** Opening Given data block **
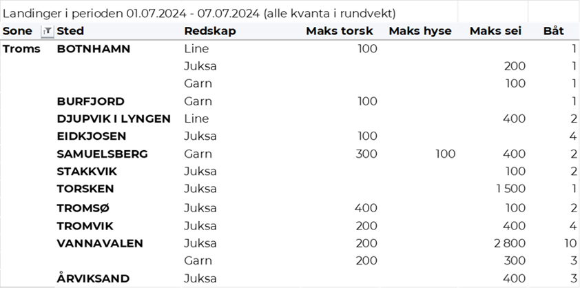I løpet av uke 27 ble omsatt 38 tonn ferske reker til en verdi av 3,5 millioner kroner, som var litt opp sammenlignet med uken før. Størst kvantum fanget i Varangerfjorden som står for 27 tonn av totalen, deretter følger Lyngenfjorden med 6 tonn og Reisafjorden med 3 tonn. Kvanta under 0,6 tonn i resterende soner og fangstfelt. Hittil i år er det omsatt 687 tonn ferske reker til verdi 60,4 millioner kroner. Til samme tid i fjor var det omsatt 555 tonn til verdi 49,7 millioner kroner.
** Closing Given data block **
** Opening Given data block **
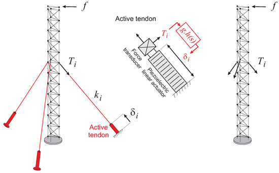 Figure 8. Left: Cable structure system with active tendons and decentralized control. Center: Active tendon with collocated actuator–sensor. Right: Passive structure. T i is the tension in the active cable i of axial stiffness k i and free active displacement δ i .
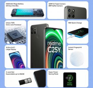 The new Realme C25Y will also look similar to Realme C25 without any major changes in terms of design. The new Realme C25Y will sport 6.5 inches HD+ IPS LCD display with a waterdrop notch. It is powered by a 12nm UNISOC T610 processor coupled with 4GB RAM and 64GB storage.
** Closing Given data block **
### Task instructions
Copy word for word only the lines above from the one with "Figure 8. Left: Cable" through the one with "The new Realme C25Y will also". Leave pictures out.

### Task answer
 Figure 8. Left: Cable structure system with active tendons and decentralized control. Center: Active tendon with collocated actuator–sensor. Right: Passive structure. T i is the tension in the active cable i of axial stiffness k i and free active displacement δ i .
 The new Realme C25Y will also look similar to Realme C25 without any major changes in terms of design. The new Realme C25Y will sport 6.5 inches HD+ IPS LCD display with a waterdrop notch. It is powered by a 12nm UNISOC T610 processor coupled with 4GB RAM and 64GB storage.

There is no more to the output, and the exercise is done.